The amendment, which passed by a 225-200 vote earlier in the day, would have applied to colleges and universities in other states that have approved the cultivation and regulation of hemp, which has been against federal law since after World War II. The other states include Colorado, Maine, Montana, North Dakota, Oregon, Vermont, Washington and West Virginia.
The amendment vote was a key signal that allowing hemp cultivation could be politically feasible in Congress. However, the farm bill, itself, failed 195-234 as Republicans and Democrats feuded over food-stamp funding, among other provisions.
Northern Kentucky Republican Congressman Thomas Massie co-sponsored the hemp amendment with Democratic U.S. Reps.

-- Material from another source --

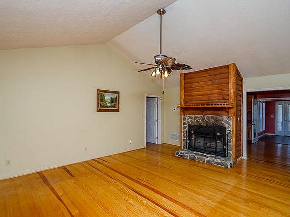 SECLUDED RETREAT ON 3 ACRES! 24x24 WORKSHOP, BASEMENT,& 660 FT OF WATER FRONTAGE ON A STOCKED POND! Home has heart of pine hardwood floors, wood-burning fireplace, 2 1/2 car garage, and a covered porch big enough to serve family supper on. Kitchen has SS appliances & plenty of cabinets. Sunroom has pond views from every angle,and two sets of french doors that open it up to the kitchen & dining room.Great space to entertain! Owner's suite has walk in closet, double sinks, & 2 person jacuzzi tub. There are blueberry bushes, plum & peach-plum trees, & pear trees that bear loads of fruit each year. Driveway & Pond are shared with only one other property owner. Older model trailer on property is used for storage. You will feel like you are on vacation every day you come home. Call now for your private showing!
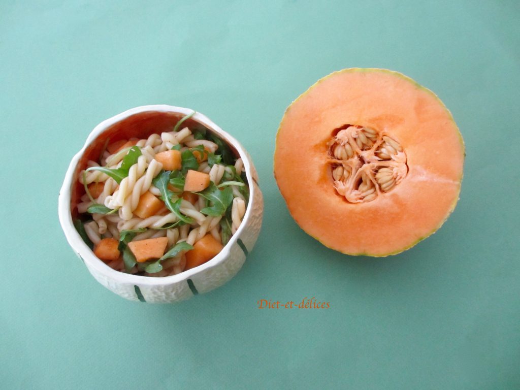 salade, pâtes, melon, salade de pâtes, pâtes au melon, porto, salade de pâtes au melon, roquette, féculents

Jared Polis of Colorado and Earl Blumenauer of Oregon.
“Industrial hemp is used for hundreds of products including paper, clothing, rope, and can be converted into renewable bio-fuels more efficiently than corn or switch grass,” Massie said in a statement. “It’s our goal that the research this amendment enables would further broadcast the economic benefits of the sustainable and job-creating crop.”
In addition, U.S. Rep. Andy Barr, R-Lexington, spoke in favor of the amendment on the House floor Thursday.
“Kentucky was once the nation’s leading producer of industrial hemp,” Barr said. “While the uses of hemp have grown significantly since Kentucky’s peak production in the mid-nineteenth century, the U.S. must now import much of the crop. Kentucky deserves this opportunity to demonstrate the usefulness and viability of this crop for our farmers, and the hope this bill now offers.”
Five of Kentucky’s U.S. representatives supported the amendment. In addition to Massie and Barr, Democratic U.S. Rep. John Yarmuth of Louisville and Republican Reps. Ed Whitfield of Hopkinsville and Brett Guthrie of Bowling Green voted for it.
U.S. Rep. Hal Rogers, R-Somerset, voted against it. Rogers has previously voiced concern that the crop could allow for greater cultivation of marijuana because both are canibus plants.